I have a bam file in which some reads are mapped uniquely and some are mapped to multiple genomic positions (because of gene duplications or pseudogenes or whatever). I want to be able to calculate the coverage for any base in the genome. I know how to calculate coverage in general, but I have two questions regarding the treatment of reads that map to multiple locations.

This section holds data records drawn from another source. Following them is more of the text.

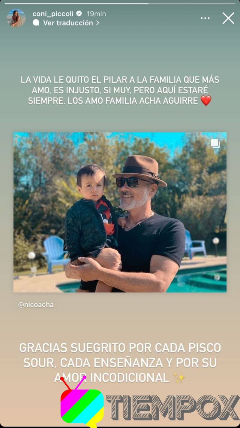 "La vida le quitó el pilar a la familia que más amo. Es injusto, sí muy, pero aquí estaré siempre, los amo familia Acha Aguirre. Gracias suegrito por cada pisco sour, cada enseñanza y por su amor incondicional", escribió Coni Piccoli.
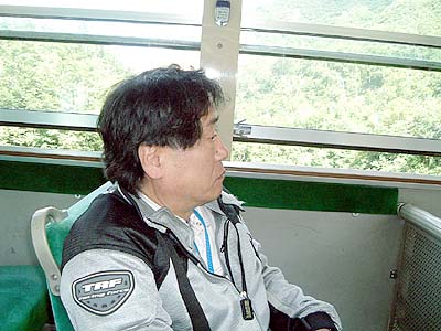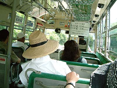 | 山頂にある拝観所にはバスに乗っていきます。 片道100円、往復200円。 なんでこんなとこまで来てバスに乗るかな〜? |
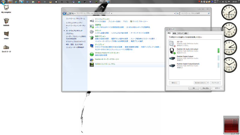 まず初めに、「コントロールパネル」から「ハードウェアとサウンド」-「サウンド」を開きます。
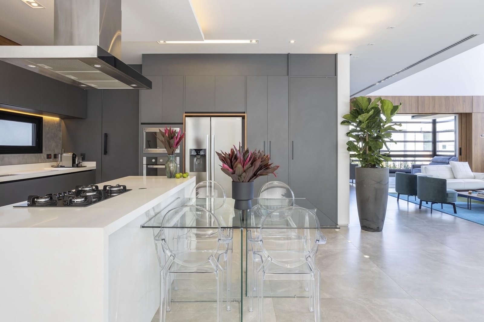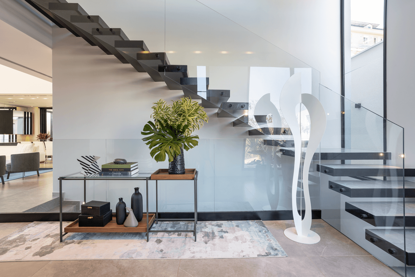 A escada com degrau flutuante logo no hall de entrada da casa, trouxe todo o charme, com o guarda-corpo de vidro embutido que fez toda diferença. Um living totalmente integrado, com pé direito duplo, um lavabo de tirar o fôlego, todo diferente com um papel de parede glamouroso que imita a pele da zebra.
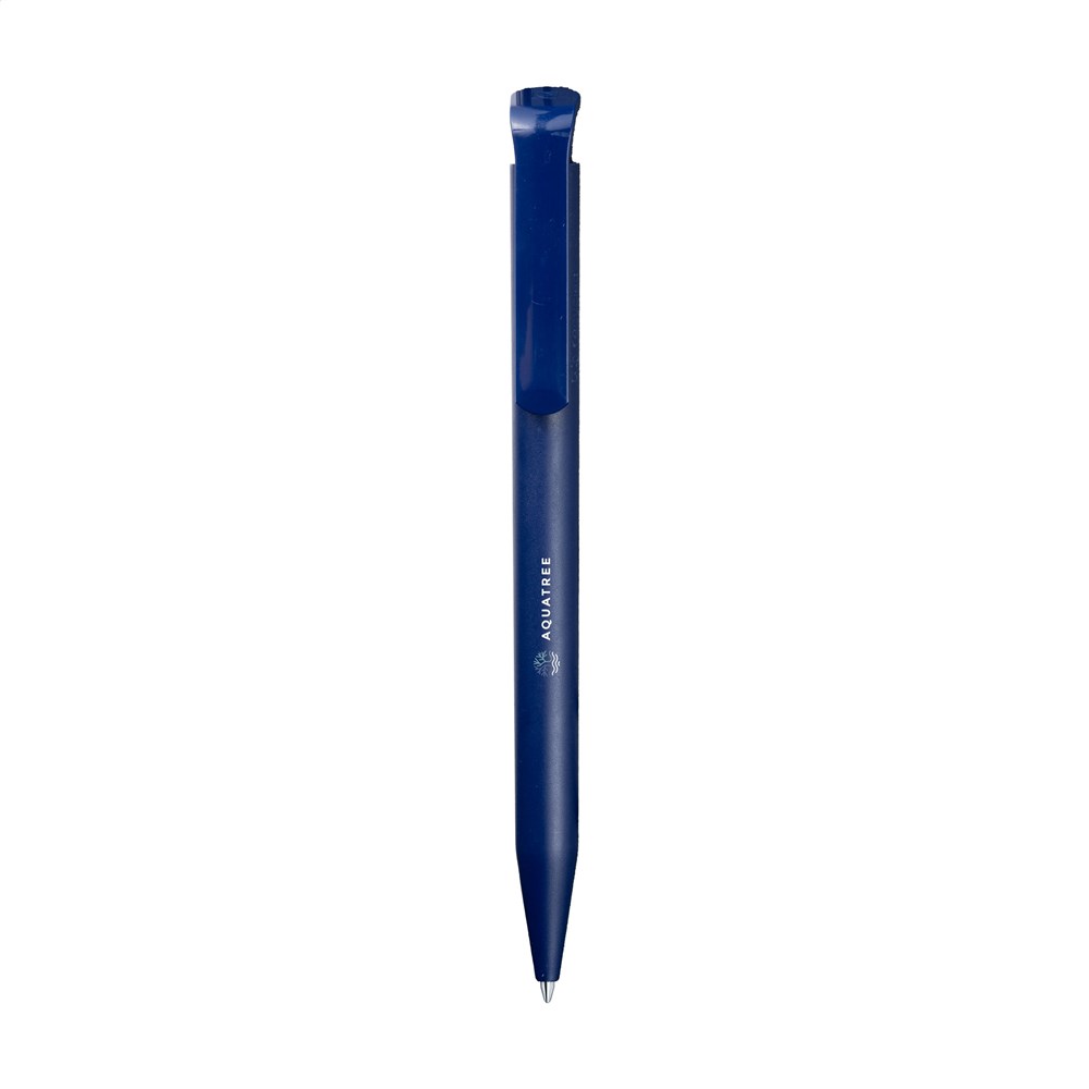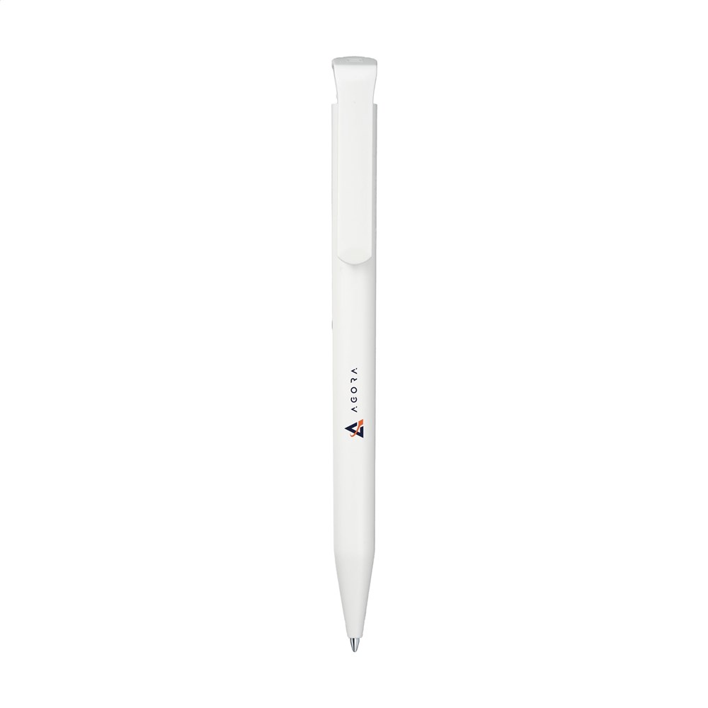 Dieser Kugelschreiber besteht aus recyceltem Kunststoff. Die Haptik ist angenehm durch die matte Textur. Der Stift wird in Deutschland produziert (Made in Germany). Die Mine ist blau schreibend und leicht austauschbar. Auf dem Schaft befindet sich standardmäßig das dezente „recycled material“ Logo. Geringfügige Oberflächenunregelmäßigkeiten sind materialbedingt und typisch für Recyclingprodukte. Du wählst zwischen Farben wie Weiß, Schwarz, Rot oder Dunkelblau.
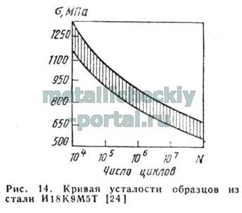 Меньшая чувствительность стали Н18К9М5Т к надрезу проявляется и в условиях усталостного нагружения. По сопротивлению усталости сталь соответствует углеродсодержащим конструкционным сталям равной Прочности, а при ударно-усталостном нагружении ее стойкость в 2-4 раза выше. Как и многим другим мартенситно-стареющим сталям, стали Н18К9М5Т свойственно высокое сопротивление развитию малой пластической деформации. Для достижения максимального предела упругости (o0,002 = 1275-1370 МПа) рекомендуют старение при 450 °С, 4 ч. Ступенчатое старение по режиму 480 °С, 30 мин + 425 °С, 8 ч позволяет повысить предел упругости σ 0,002 до 1575 МПа.
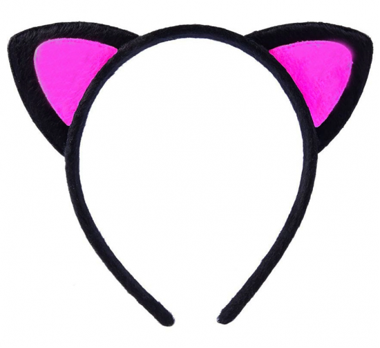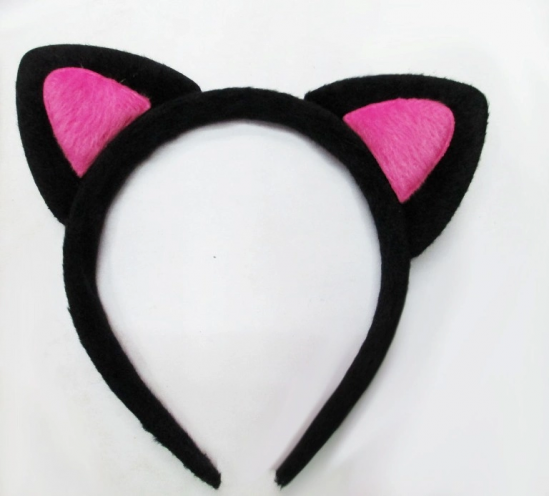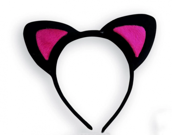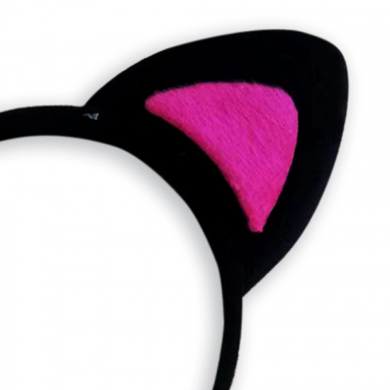 Sevimli Kedi Kulak Pofuduk Kedi Taç Siyah İçi Şeker Fuşya Renk 17x15 Cm
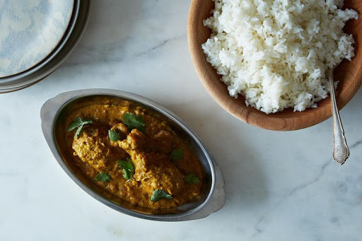 Add the cashew cream to the pot once the meat is very tender. Keep simmering for another couple of minutes, until the sauce has the desired consistency (I like mine quite thick). Check for salt. Garnish with cilantro and serve immediately with steamed rice. Enjoy!
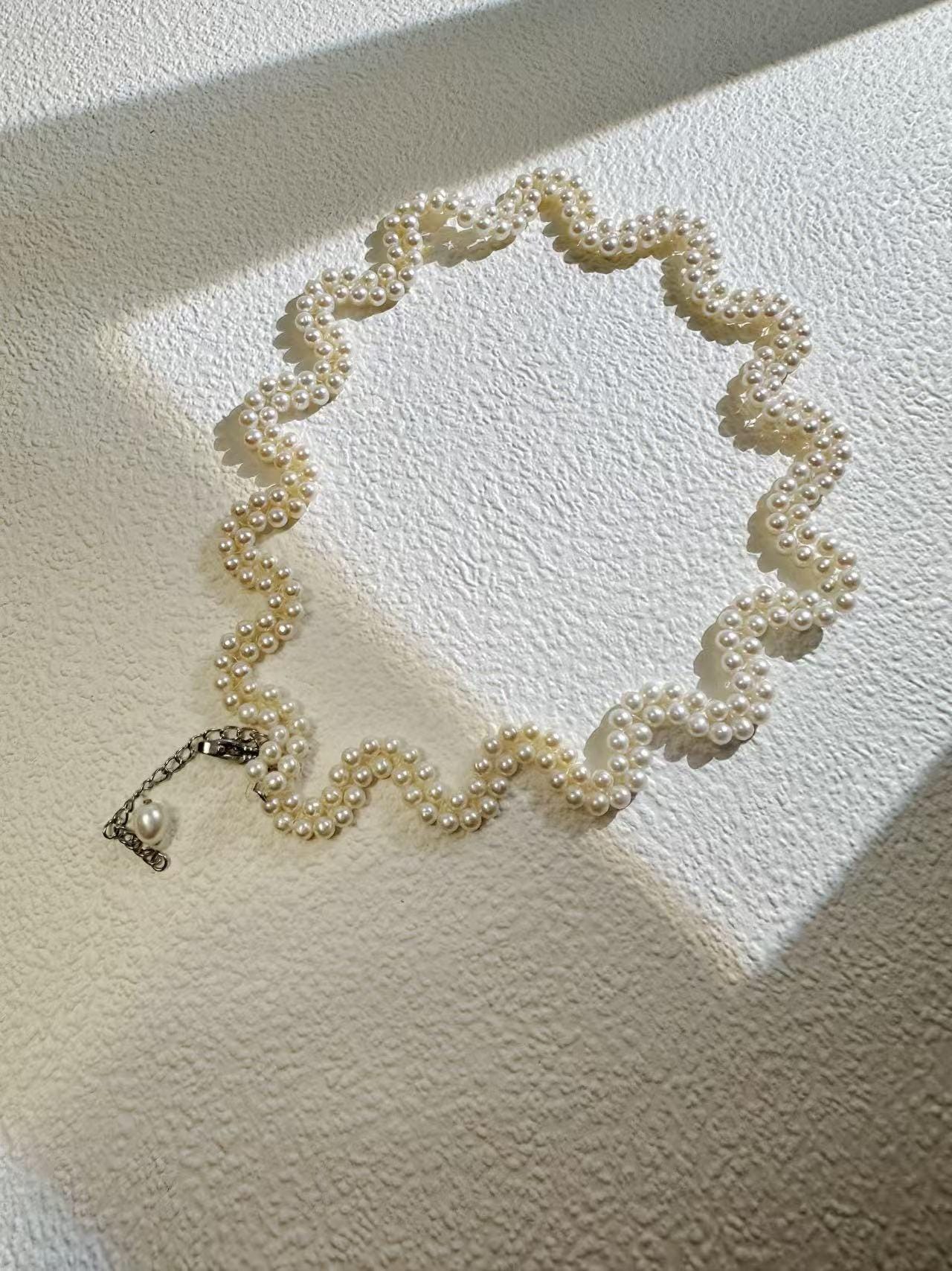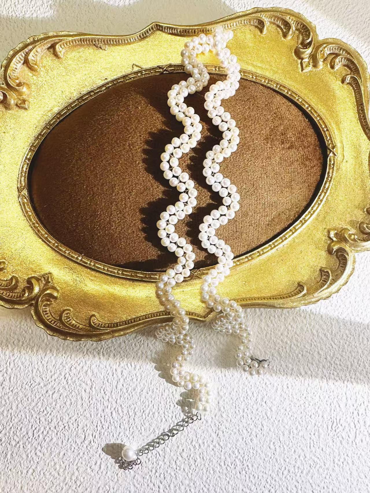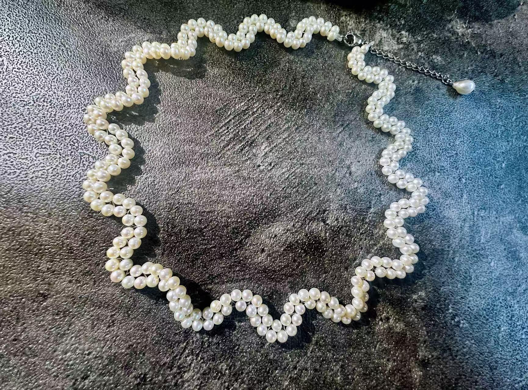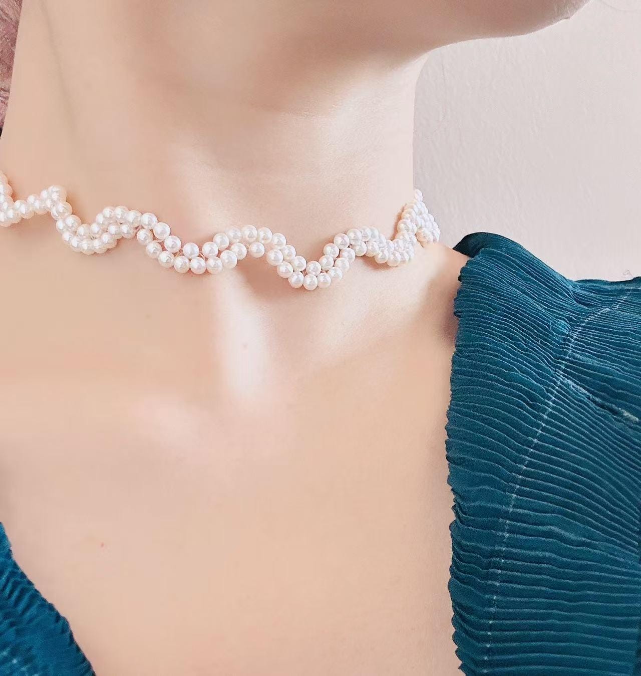 Hand-strung with lustrous 3–4mm freshwater pearls, this Pearl Wave Statement Choker blends vintage romance with whimsical fantasy. Each curve is patiently woven bead by bead on durable nylon cord — a delicate rhythm of pulling and releasing, where no two necklaces are ever exactly alike.
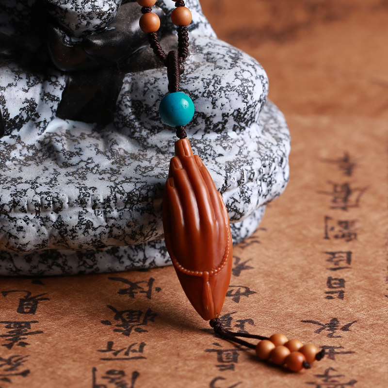 Pure handmade olive core bergamot pendant male and female nuclear carving pendant sweater chain bent on the Buddha long single seed single core carving
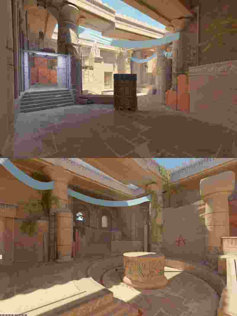 这是本次Anubis改动中最显著也最直观的一处。中路的下跳点现在移到了门外侧,而非正对中路中央。此前,T方可以封烟覆盖该区域并借助掩护跳下,而CT方则必须暴露在中路才能进行同样操作。这对许多CT方玩家而言风险过高,因为一旦被击杀,就会失去地图大片区域的控制权。

If a read maps to N locations, should I count it at each location with a depth of 1/N? In other words, should I "split" the coverage equally across the N locations? Should I use mapping quality or some other measure to do a weighted split? Or should I just count it as a depth of 1 at all locations where it maps?
When reading from a bam file, how can I easily tell how many positions a read has been mapped to? Is there a field in the bam file that gives me this information? Is the read simply listed multiple times? Can I easily preprocess the bam file to add a "map count" in a custom field?
Edit
I want to calculate coverage mostly for QC-stats. I am doing exome sequencing and I want to be able to answer questions such as "What fraction of exonic nucleotides were covered at at least 5x?"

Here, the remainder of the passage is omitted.